Provided entries START

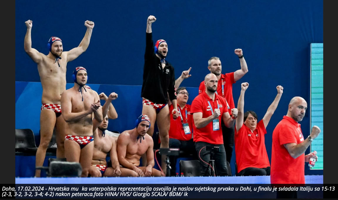 Hrvatska muška vaterpolska reprezentacija trijumfalno je okončala naporan početak 2024. godine, nakon srebra na Europskom prvenstvu osvojenog prije mjesec dana u Zagrebu, u subotu je u Dohi stigla kruna sveg rada, pripremanja i odricanja, osvajanje naslova svjetskog prvaka.
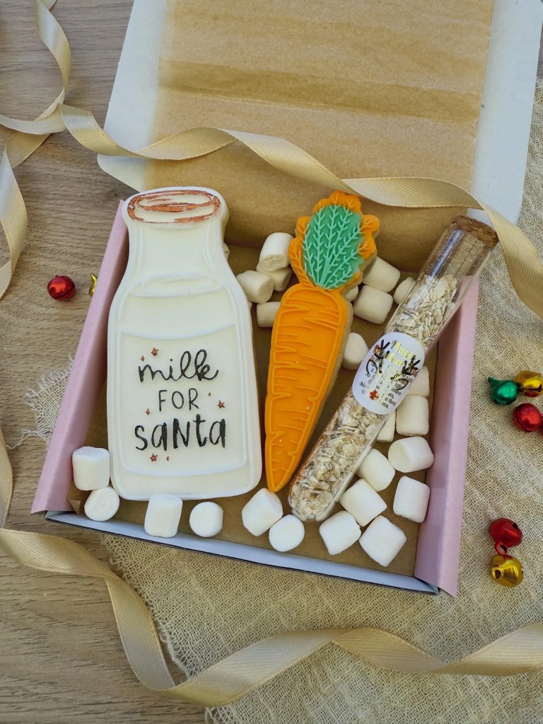 Contains a milk for Santa decorated cookie, a carrot for Rudolph decorated cookie and a tube of reindeer food with a reindeer food poem sticker
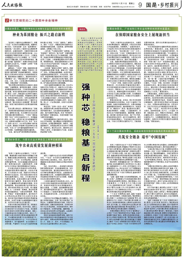 【人民政協(xié)報(bào)】強(qiáng)種芯 穩(wěn)糧基 啟新程—全國(guó)政協(xié)委員解讀“十五五”規(guī)劃建議落實(shí)新路徑
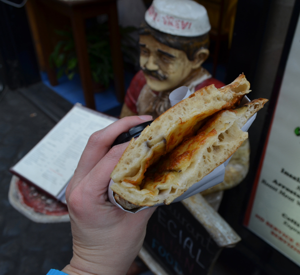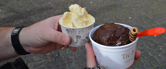 M chose a vanilla gelato while I chowed down on the tartufo. This treat features a maraschino cherry and what tasted like a bit of rum surrounded by chocolate ice cream that is then coated in a hard fudge shell. It’s rich and really unlike anything I’ve tasted before.
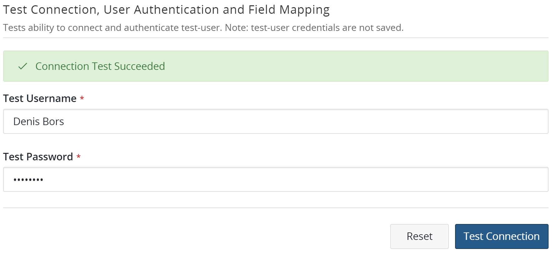 7. Enter the user credentials in the Test Connection, User Authentication and Field Mapping section and click Test Connection.
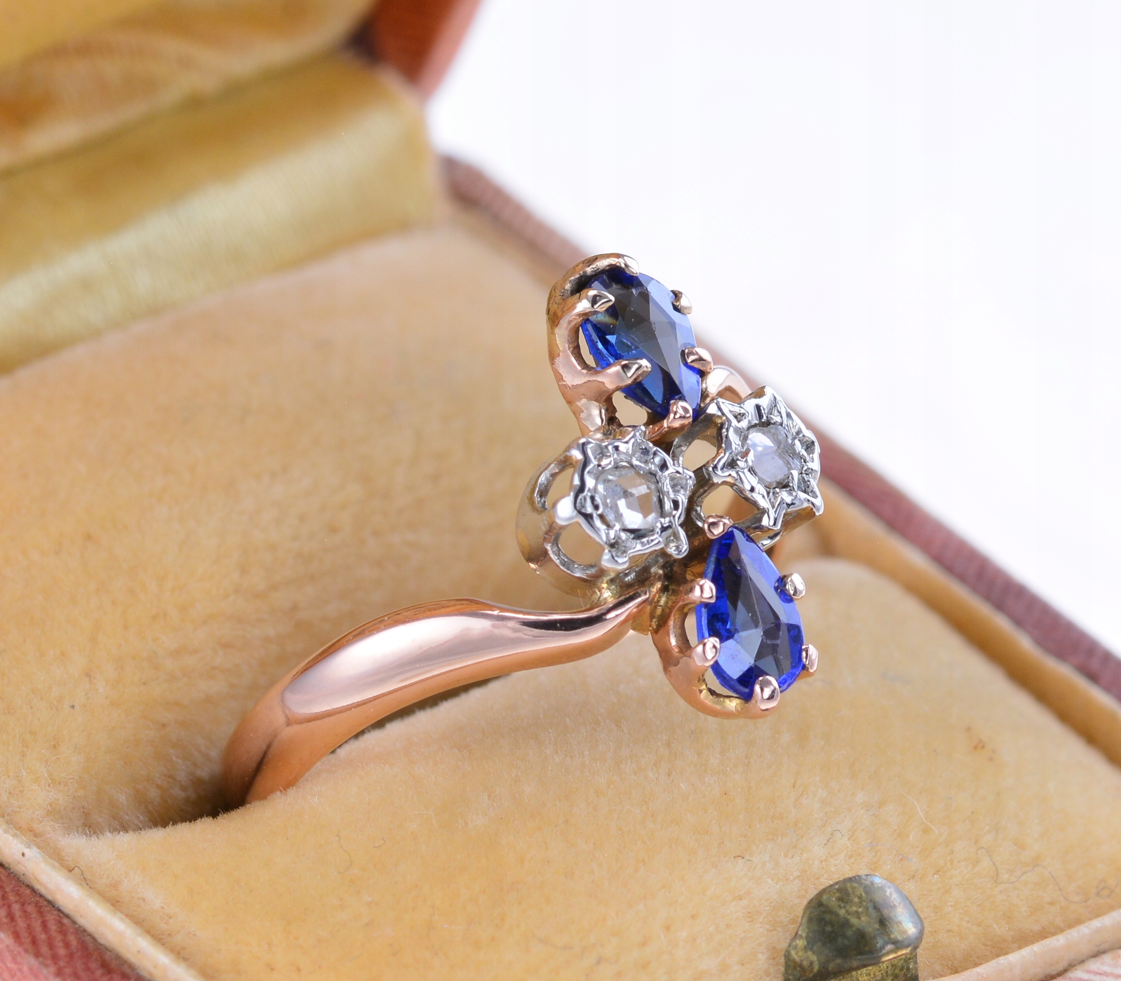 - Золотий випробування 750, прикрашений двома скляними імітаціями сапфірів та двох ділогазів у рорі.
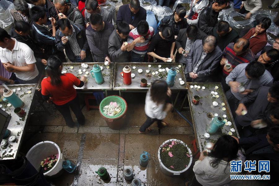 5月10日,在福建省泉州市安溪县中国茶都茶业批发市场,一些前来采购铁观音春茶的客商在品尝茶业样品。新华社记者 沈伯韩 摄
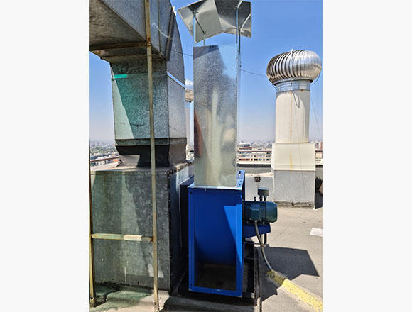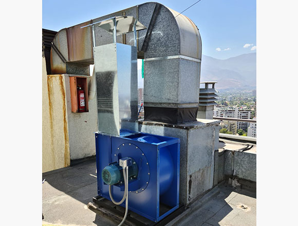 diseñado para trasegar gases de cocina conteniendo humo y partículas de grasa. Eje accionado a transmisión
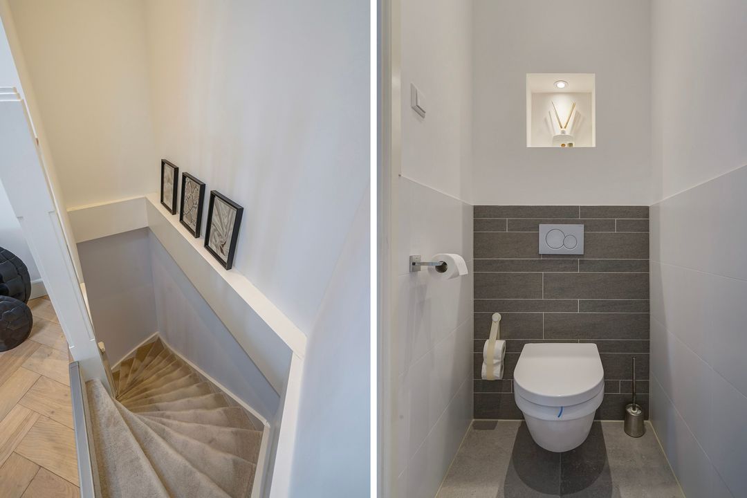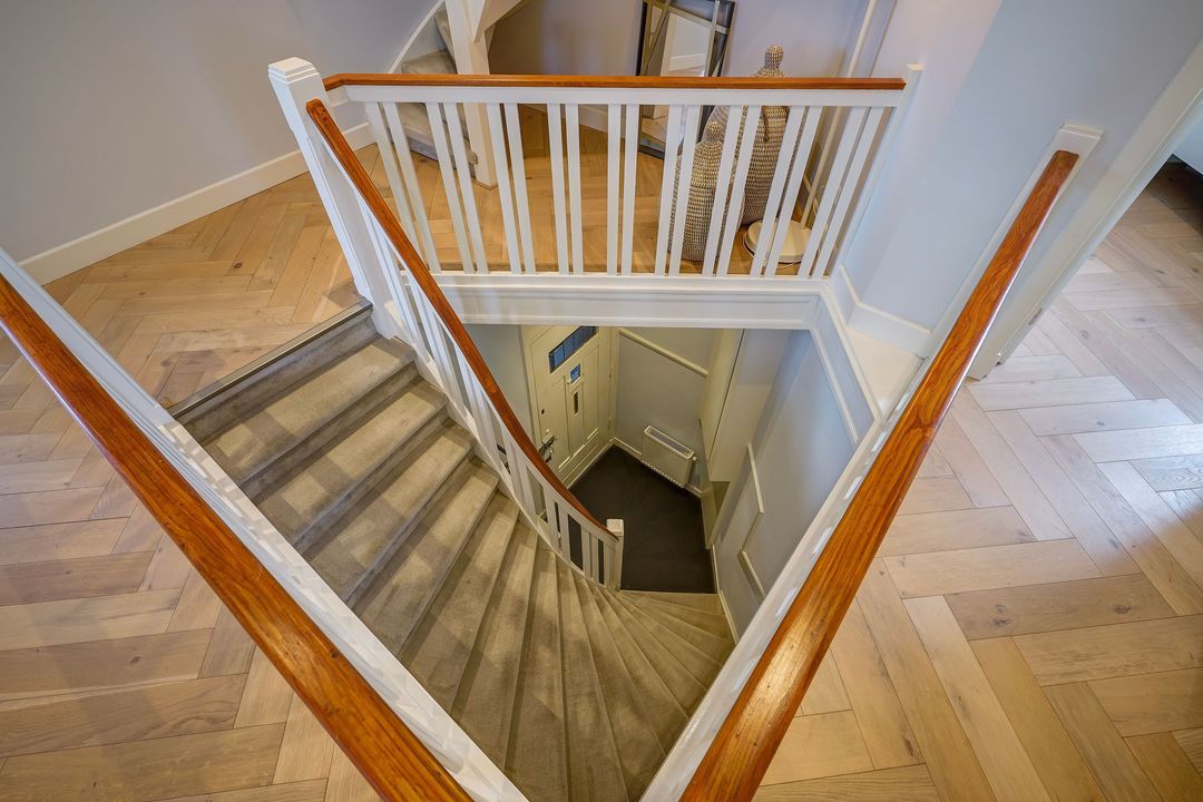 Spacious landing with a beautiful and spacious staircase providing access to all rooms, featuring a beautiful oak herringbone floor throughout the house. There is also a separate modern toilet with a hand basin and a built-in cupboard housing the central heating boiler.
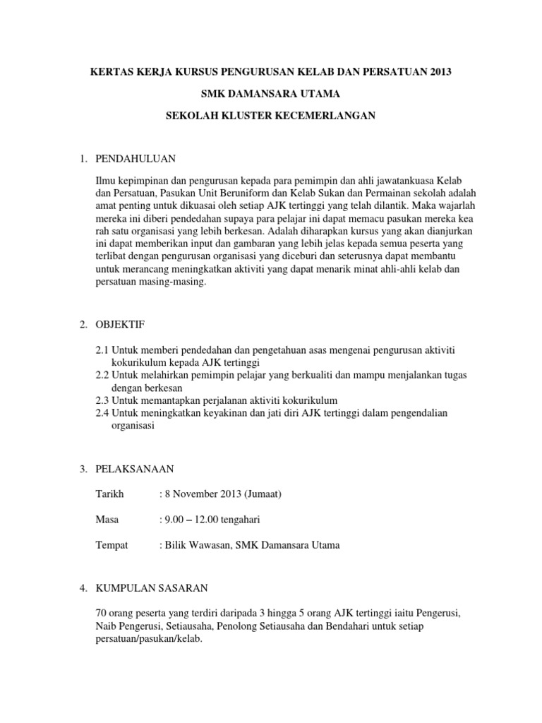 Kertas Kerja Kursus Pengurusan Kelab Dan Persatuan 2013

Provided entries END

Exercise: Everything in the listing should be copied exactly, apart from the images it holds.

Answer to this task:
 Hrvatska muška vaterpolska reprezentacija trijumfalno je okončala naporan početak 2024. godine, nakon srebra na Europskom prvenstvu osvojenog prije mjesec dana u Zagrebu, u subotu je u Dohi stigla kruna sveg rada, pripremanja i odricanja, osvajanje naslova svjetskog prvaka.
 Contains a milk for Santa decorated cookie, a carrot for Rudolph decorated cookie and a tube of reindeer food with a reindeer food poem sticker
 【人民政協(xié)報(bào)】強(qiáng)種芯 穩(wěn)糧基 啟新程—全國(guó)政協(xié)委員解讀“十五五”規(guī)劃建議落實(shí)新路徑
 M chose a vanilla gelato while I chowed down on the tartufo. This treat features a maraschino cherry and what tasted like a bit of rum surrounded by chocolate ice cream that is then coated in a hard fudge shell. It’s rich and really unlike anything I’ve tasted before.
 7. Enter the user credentials in the Test Connection, User Authentication and Field Mapping section and click Test Connection.
 - Золотий випробування 750, прикрашений двома скляними імітаціями сапфірів та двох ділогазів у рорі.
 5月10日,在福建省泉州市安溪县中国茶都茶业批发市场,一些前来采购铁观音春茶的客商在品尝茶业样品。新华社记者 沈伯韩 摄
 diseñado para trasegar gases de cocina conteniendo humo y partículas de grasa. Eje accionado a transmisión
 Spacious landing with a beautiful and spacious staircase providing access to all rooms, featuring a beautiful oak herringbone floor throughout the house. There is also a separate modern toilet with a hand basin and a built-in cupboard housing the central heating boiler.
 Kertas Kerja Kursus Pengurusan Kelab Dan Persatuan 2013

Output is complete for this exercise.